7 Anonymous XI, Ars contratenoris (mid-15th century), §47–62: ‘(47) Now follows the theory of the contratenor. (48) If one wishes to add a contratenor above a certain tenor, he should note where the discant begins; if the discant begins on the octave, then the contratenor should have the fifth, if the tenor is low (in the graves); if the tenor is high (in the acutae), then the contratenor should take the octave below. … (62) When the discant takes the unison and the tenor is low, then the contratenor can take the third, fifth, sixth, octave, or tenth; when the tenor is high, then the contratenor can take the octave or fifth below the tenor, etc.’ Translation in Richard Joseph Wingell, ‘Anonymous XI (CS III): An Edition, Translation, and Commentary’, Ph.D. diss., University of Southern California (1973), 319–22; quoted in Andrew Hughes, ‘Some notes on the early fifteenth-century contratenor’, 376–7.

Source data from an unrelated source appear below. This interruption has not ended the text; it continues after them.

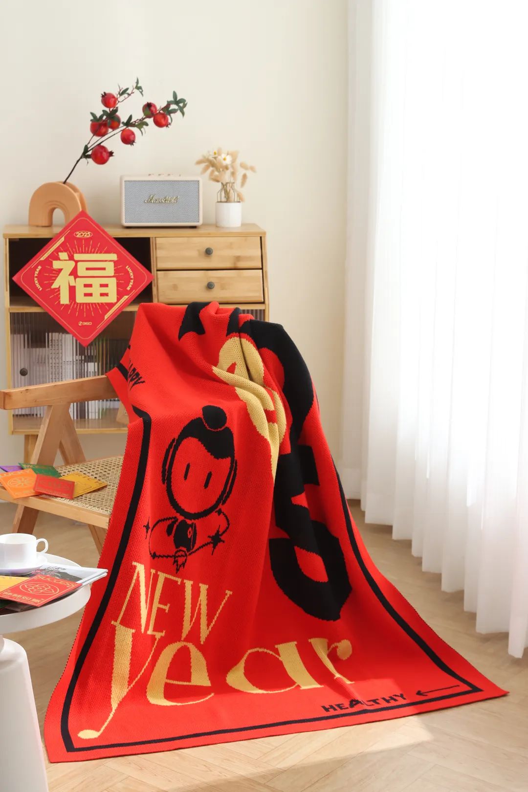 打开盒子后,你会发现还有四个副标题:「开盒好运」相应的旋转冰箱贴纸;「蓄势蓄力」相应的充电套装和周总新书;「AI满新年」春联红包套装由AI产生;最后一套「温暖四季」这是一条鲜红的针织毛毯!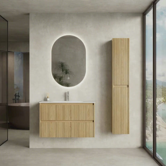 Mobile Bagno Sospeso 90 cm Rovere Chiaro Specchio Ovale Retroilluminato - Pace Plus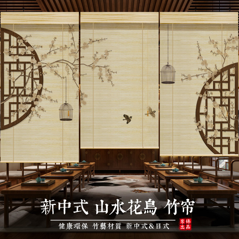 中式复古禅意卷帘竹帘子窗帘隔断印花日式家用遮光升降门帘中国风

8 Rotter-Broman further clarifies that her use of the term ‘commentary’ to describe diverse contratenor functions ‘is aimed to illustrate and summarise the features of non-authoritativity, interchangability and qualitative difference from the cantus-tenor duet’. See ‘Was there an Ars contratenoris in the music of the late Trecento?’

9 Rotter-Broman, ibid.

10 See Nosow, ‘The Florid and Equal-Discantus Motet Styles’, 49.

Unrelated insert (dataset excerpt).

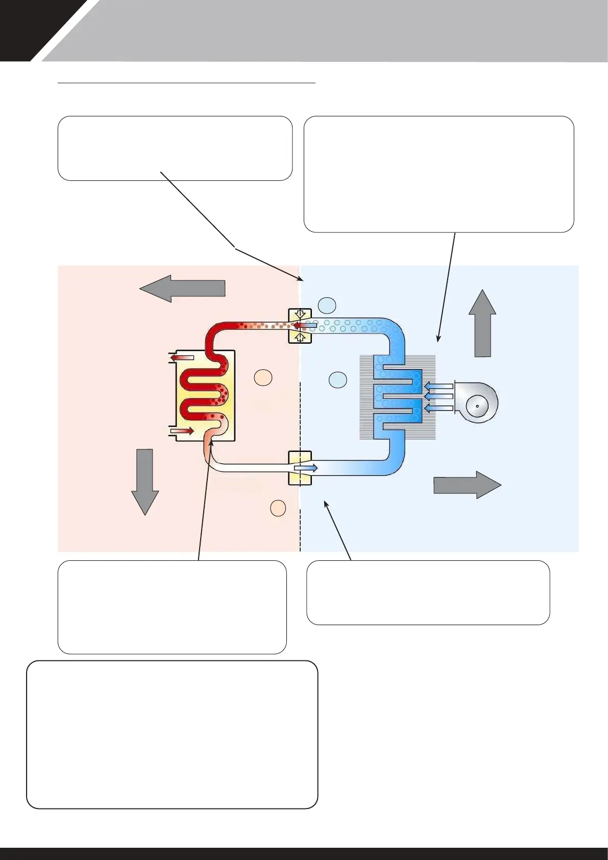 travers les ailettes de l’évaporateur. L’évaporateur est traversé par un

11 An example of this would be Antonius Romanus's Aurea flamigeri jam excedis (#219), which originally existed in layer I of Q15 with only three voices, but a contratenor part was added in layer II. On folio R227, a pasted-over strip of parchment contains a contratenor part, exactly the same as that found under the strip but written in a more compressed form since it appears that the scribe ran out of room. As Cox has pointed out, there is further evidence to suggest that the scribe rewrote Antonius Romanus's piece, forgetting to correct mensuration signs – erroneously giving C-sig (bars 64, 73), but which must be read in Φ – as well as forgetting to erase extra notes in the contratenor. Cox I, 142–3. See also Cox, ‘“Pseudo-Augmentation” in the Manuscript Bologna, Civico Museo Bibliografico Musicale, Q 15 (BL)’, Journal of Musicology, 1/4 (1982), 419–48.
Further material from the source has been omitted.